— DATA —
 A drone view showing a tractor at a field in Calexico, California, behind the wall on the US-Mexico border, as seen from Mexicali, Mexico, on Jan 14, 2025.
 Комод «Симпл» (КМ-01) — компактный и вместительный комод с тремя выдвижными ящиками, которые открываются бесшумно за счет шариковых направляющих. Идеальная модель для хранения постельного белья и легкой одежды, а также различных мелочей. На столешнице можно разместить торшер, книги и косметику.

==

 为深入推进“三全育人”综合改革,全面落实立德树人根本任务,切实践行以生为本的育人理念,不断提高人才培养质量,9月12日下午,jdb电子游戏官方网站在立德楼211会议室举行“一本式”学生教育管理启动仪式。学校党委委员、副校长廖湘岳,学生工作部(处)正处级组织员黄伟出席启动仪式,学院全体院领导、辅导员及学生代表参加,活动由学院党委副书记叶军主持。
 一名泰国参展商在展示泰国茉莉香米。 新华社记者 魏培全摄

— PROMPT —
Copy out only the lines above from the one with "A drone view" to the one with "книги и косметику.", inclusive, exactly as they stand.

— SOLUTION FOR THIS TASK —
 A drone view showing a tractor at a field in Calexico, California, behind the wall on the US-Mexico border, as seen from Mexicali, Mexico, on Jan 14, 2025.
 Комод «Симпл» (КМ-01) — компактный и вместительный комод с тремя выдвижными ящиками, которые открываются бесшумно за счет шариковых направляющих. Идеальная модель для хранения постельного белья и легкой одежды, а также различных мелочей. На столешнице можно разместить торшер, книги и косметику.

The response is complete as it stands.